- [Exercise]
Once you reach the line with "Pierwszy etap marszu" below, copy each line exactly, stopping after the line with "Дидактические игры по", and skip any pictures.

- [Material for the task]
• • • •

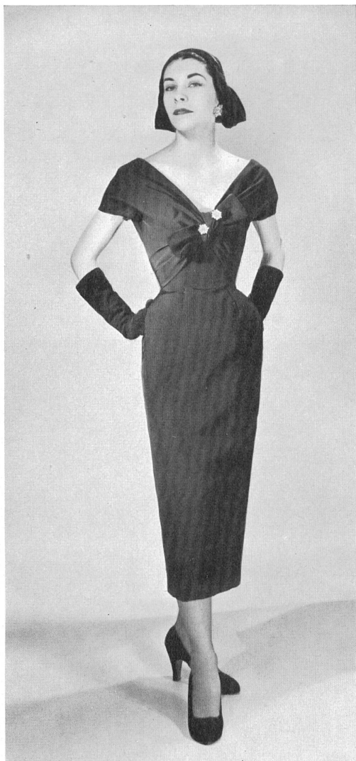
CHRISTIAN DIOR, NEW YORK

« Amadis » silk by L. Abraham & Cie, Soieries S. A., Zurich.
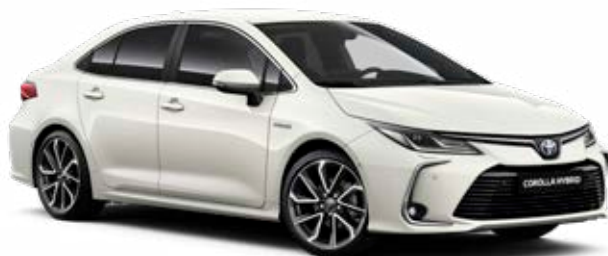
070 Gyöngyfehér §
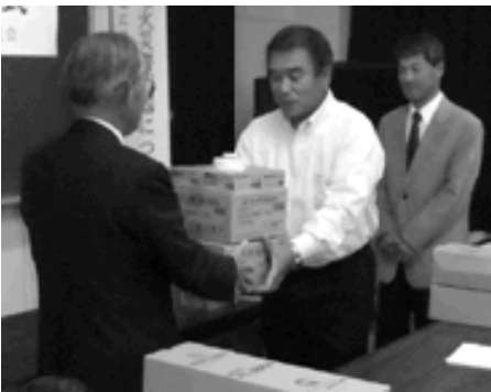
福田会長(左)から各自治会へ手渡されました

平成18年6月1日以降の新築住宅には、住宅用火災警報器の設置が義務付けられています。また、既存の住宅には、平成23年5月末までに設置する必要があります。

• • • •

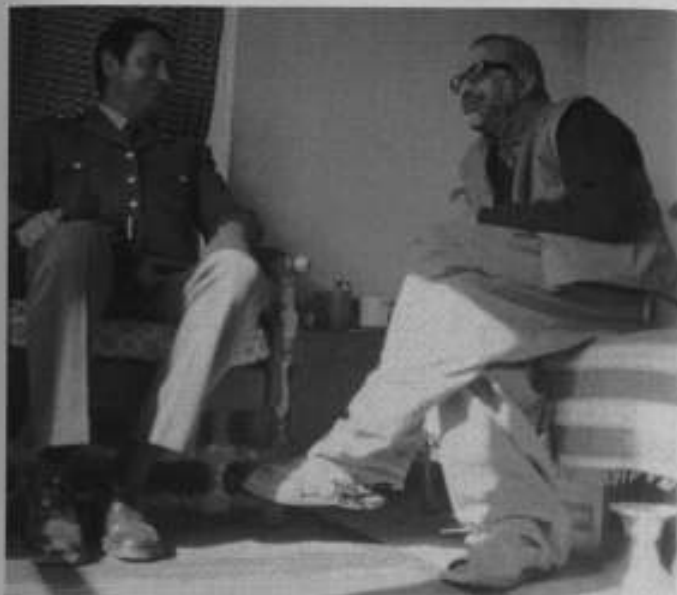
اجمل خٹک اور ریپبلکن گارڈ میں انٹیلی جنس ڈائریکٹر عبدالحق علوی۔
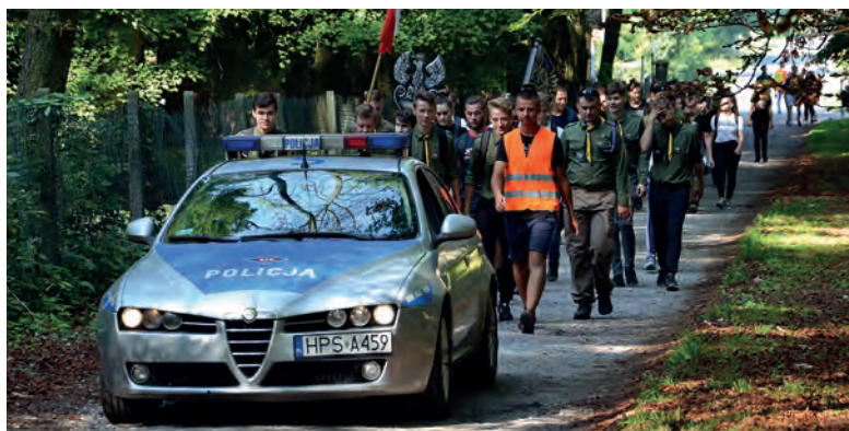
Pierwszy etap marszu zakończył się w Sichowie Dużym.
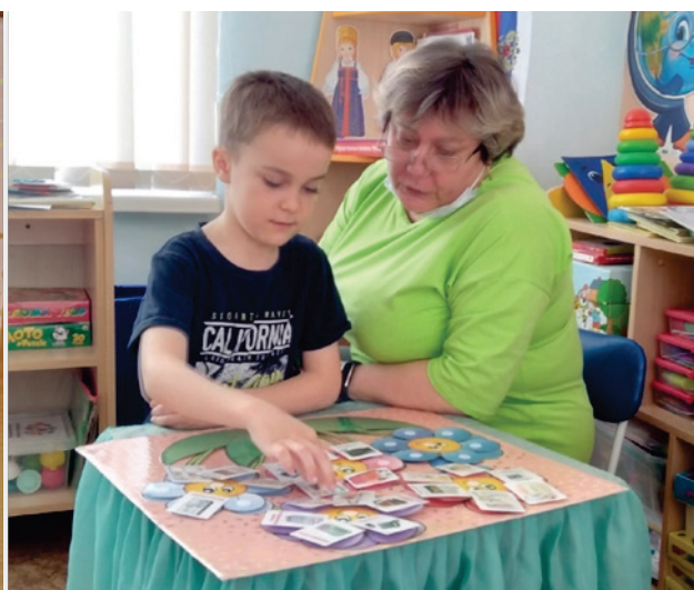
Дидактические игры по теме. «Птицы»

• • • •

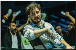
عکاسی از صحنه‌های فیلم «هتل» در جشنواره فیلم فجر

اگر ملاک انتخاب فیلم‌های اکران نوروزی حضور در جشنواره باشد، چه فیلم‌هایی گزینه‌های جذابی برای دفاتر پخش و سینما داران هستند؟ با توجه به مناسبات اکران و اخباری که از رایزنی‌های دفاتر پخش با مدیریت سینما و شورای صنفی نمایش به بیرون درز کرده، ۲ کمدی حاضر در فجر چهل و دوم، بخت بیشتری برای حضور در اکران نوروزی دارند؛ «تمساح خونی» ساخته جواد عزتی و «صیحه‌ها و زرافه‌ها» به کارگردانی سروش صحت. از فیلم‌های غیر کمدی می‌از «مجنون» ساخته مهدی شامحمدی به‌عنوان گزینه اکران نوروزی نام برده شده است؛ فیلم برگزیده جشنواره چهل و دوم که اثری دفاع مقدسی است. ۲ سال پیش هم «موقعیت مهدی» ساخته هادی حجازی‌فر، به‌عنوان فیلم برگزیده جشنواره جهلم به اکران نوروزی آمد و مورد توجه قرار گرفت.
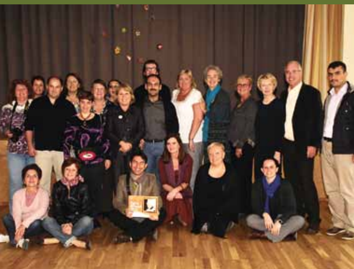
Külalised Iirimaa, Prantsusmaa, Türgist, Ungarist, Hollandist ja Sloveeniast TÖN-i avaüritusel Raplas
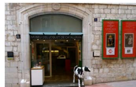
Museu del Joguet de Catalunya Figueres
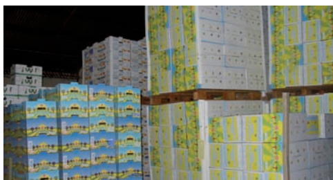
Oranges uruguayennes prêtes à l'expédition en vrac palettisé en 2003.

• • • •

- [Exercise response]
Pierwszy etap marszu zakończył się w Sichowie Dużym.
Дидактические игры по теме. «Птицы»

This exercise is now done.